Teague: Looking beyond boxwood? Here are some ideas

November 1, 2013 

We still have a couple of weeks left in our fall planting season, so I'd like to make my annual plea to think outside the box(wood) when considering planting or replacing hedges.

Boxwoods are easily sheared to maintain size and shape, but they don't add much in the way of color, texture and seasonal interest in a garden. There are quite a few evergreen hedge plants that are very well-suited to our arid climate and that also produce pollen-bearing flowers that attract bees and other pollinators as well as winter berries that provide food for birds.

The foliage of many of these hedges will change color throughout the year. Size and shape can be managed by buying dwarf varieties if necessary and by learning the proper methods and timing of pruning.

Nandina or heavenly bamboo, wax privet or ligustrum and pyracantha are three of the most popular secondary (to boxwood) hedge choices.

Pyracantha can be sheared into formal shapes and still will flower and produce berries. Shearing will reduce the flowering of nandina and wax privet. Instead, cut out older canes at the base every winter to rejuvenate nandina and shear wax privet less frequently to preserve more flowers and berries.

Toyon, or Christmas berry or California holly, is a native plant. Toyon can be shaped into hedges of any size. It blooms on year-old wood; trimming should preserve as much older wood as possible.

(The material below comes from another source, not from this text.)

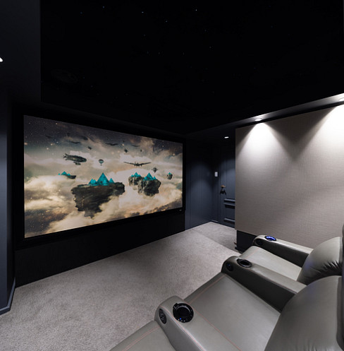Veluxa Cinema was created by transforming a small guest bedroom into a dedicated entertainment space for a family who loves movies, music, and karaoke. With a limited footprint and a firm budget, the challenge was to deliver a cinematic experience that felt immersive and exciting, without making the room feel cramped or overly technical.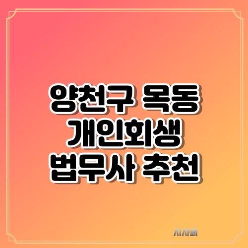 개인회생을 신청할 때는 소득이 있어야 하며, 일정한 기준 이상의 소득이 지속적으로 발생할 것이 예상되어야 합니다. 또한, 신청 전에 채무 상황을 정확히 파악하고, 필요한 서류를 꼼꼼하게 준비해야 합니다. 법적 절차에 익숙하지 않다면 전문가의 도움을 받 는 것이 좋습니다. 개인회생 절차는 복잡할 수 있으므로, 절차를 정확히 이해하고 올바르게 진행하기 위해서는 법률 전문가와 상담하는 것이 중요합니다. 법무사 또는 변호사를 통해 개인회생 신청 절차, 필요 서류, 가능한 채무 조정 방안 등에 대해 상세한 조언을 받으세요. 이상으로 양천구 목동 지역의 법무사 사무소 리스트와 함께 개인회생에 대한 간략한 개요와 주의사항을 소개드렸습니다. 법률적 문제나 고민이 있으시다면, 각 사무소에 상담을 요청하여 전문가의 도움을 받으시는 것을 추천드립니다. 추가 정보 및 상담을 원하신다면, 각 법무사 사무소의 공식 웹사이트 또는 연락처를 통해 문의하실 수 있습니다. - [동명법무사사무소](https://blog.naver.com) - [김성재법무사사무소](https://blog.naver.com) - [법무법인 강서](https://www.kangseolaw.com/) 각 사무소는 개인의 상황에 맞는 맞춤형 법률 서비스를 제공할 것입니다.

Manzanita and cotoneaster are available in many sizes. They make excellent, drought-tolerant informal hedges when established.

Many varieties of manzanita and cotoneaster have low, spreading growth habits that will require careful pruning to control.

Deciduous barberry plants, especially the Japanese barberry family, have a wider range of flower and foliage color than the evergreen varieties. Thin out old wood and prune rather than shear barberries. Barberry branches have sharp thorns. Plant them away from traffic areas or use them as barrier hedges.

Myrtle, an old-fashioned hedge plant, has pleasantly fragrant foliage. Because it is slow-growing, size and shape can be maintained more easily than with some more vigorous species. Variegated leaves on some myrtle varieties have a light, lacy appearance.

Members of the rosaceae plant family, including pyracantha, toyon and cotoneaster, are susceptible to fireblight, a bacterial disease that is a common problem in our climate (warm, wet springs). Check labels to verify resistant varieties before buying.

Visit local nurseries this fall to check out fall foliage and winter berry color.

New varieties and new hybrids of old favorites become available every year; the suggestions above are among the most readily available.